# Jameer Nelson Interview (Sports Illustrated)



## Blue (Jun 21, 2007)

http://sportsillustrated.cnn.com/2009/writers/paul_forrester/07/31/nelson.questions/



> *SI.com:* Many of us in the media debated whether or not coach Stan Van Gundy should have played you coming off of an injury or Rafer Alston. How did you deal with the constant speculation?
> 
> *JN:* It didn't bother me at all. I don't listen to the media. That's not a knock, but they are not why I am playing basketball. I'm playing to win a championship, to win a lot of championships. Playing time and who gets shots that's not up to me. If coach puts me in for 30 minutes I play 30 minutes; if he puts me in for three minutes I play three minutes.

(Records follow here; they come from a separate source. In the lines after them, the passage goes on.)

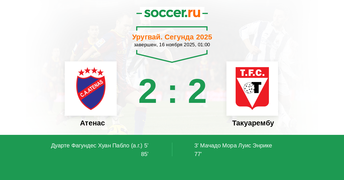 5' (1:1) Автогол Дуарте Фагундес Хуан Пабло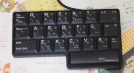 このキーボードには、英字部分の左半分しかない。では右側はどうするのかと いうと、スペースバーを打ちながら打つ。例えば[SPC]+w で"o"が入力できる。 数字については、numキーを2回たたいてから入力、記号ならSHIFTを2回たたい てから入力、といった具合。 慣れるまではなかなか難しいが、慣れてしまえばそれなりの速度での入力は可 能だった(いちご打ノーマルモードクリアはまだ出来ていないが :-)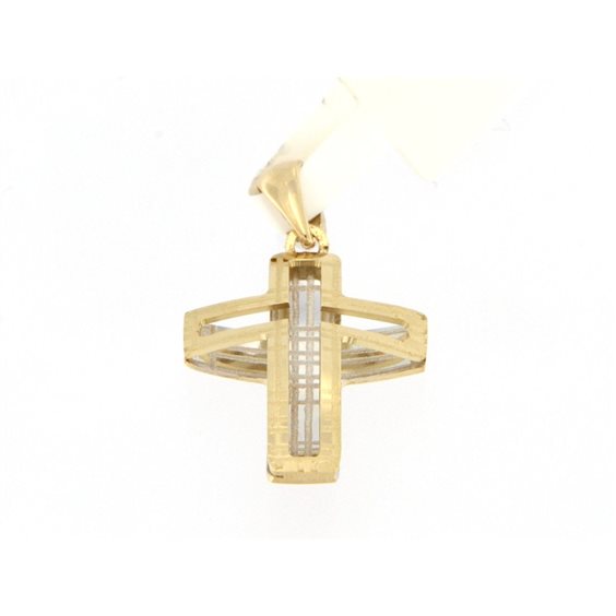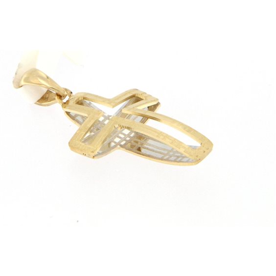 CROCE PENDENTE IN ORO GIALLO E ORO BIANCO LUCIDO VUOTA ALL'INTERNO . CERTIFICATO DI GARANZIA GRANDEZZA CM 3 X 1,5. CERTIFICATO DI GARANZIA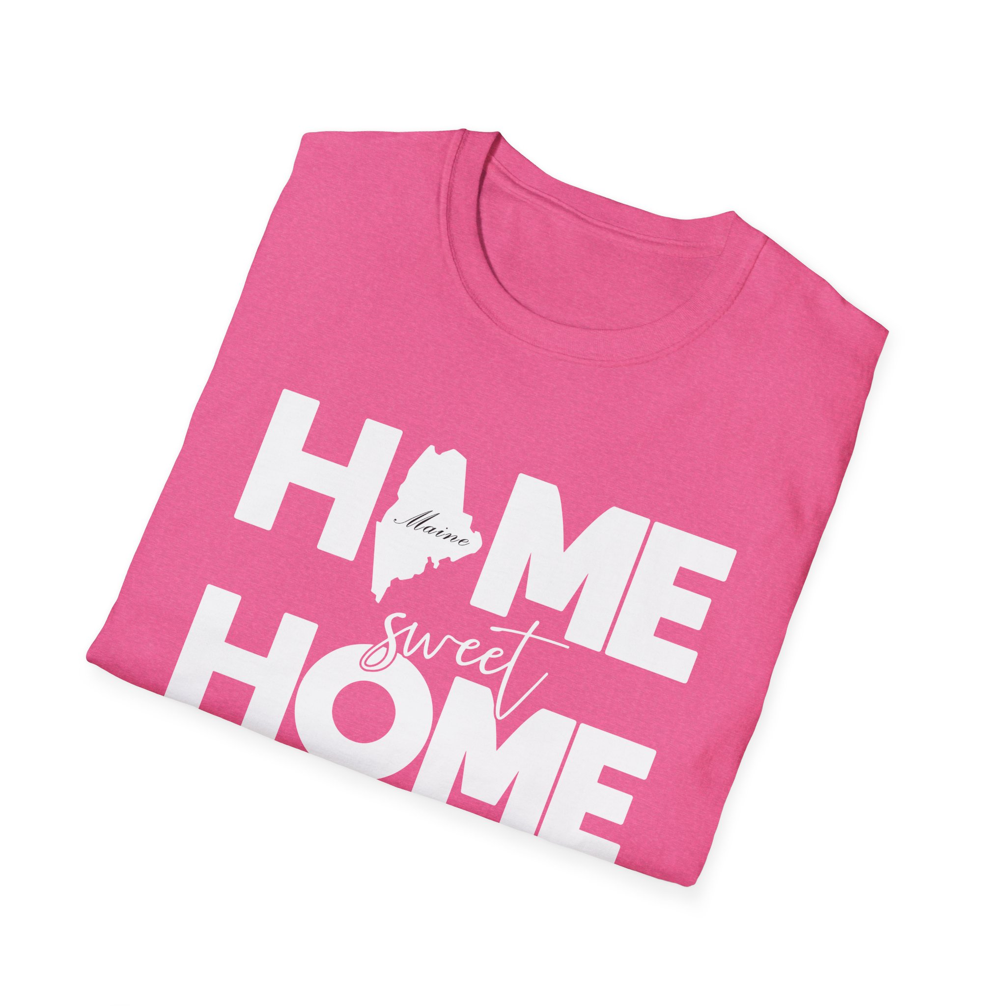 Home Sweet Home Maine White Design on Gildan Softstyle® 64000 redefines casual comfort with a modern unisex cut and ultra-soft materials. Solid colors are 100% cotton, while heathers and sport grey use polyester blends for added durability. Shoulders are reinforced with twill tape, there are no side seams for a smoother fit, and the ribbed-knit collar helps prevent curling. Whether for printing or everyday wear, the Gildan 64000 stands out as a dependable wardrobe staple.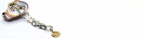 Jewelry chain on white background with copy space for text.

I can guarantee you I'm not going to come out of the game complaining about any one minute that I didn't play.
> 
> ...


Jameer may not be the best player on the team, but he is definitely the vocal leader and heart of the team. He just has a winning attitude and confidence that seems to rub off on people. It's good to see his mind is on the championship, because he is a guy who will make sure the whole team is on the same page. He's still doing that pre-training camp retreat as well, so that should get all of the new guys acclimated with each other and build up some chemistry. Definitely my favorite player on the team right now, so hopefully he'll be back in prime form next year.


----------



## HB (May 1, 2004)

Good interview, I like the part about the team having unofficial workouts. Good way to get familiar with each other.


----------



## Chan Ho Nam (Jan 9, 2007)

great stuff, hope he stays healthy and shows the league what he's got


----------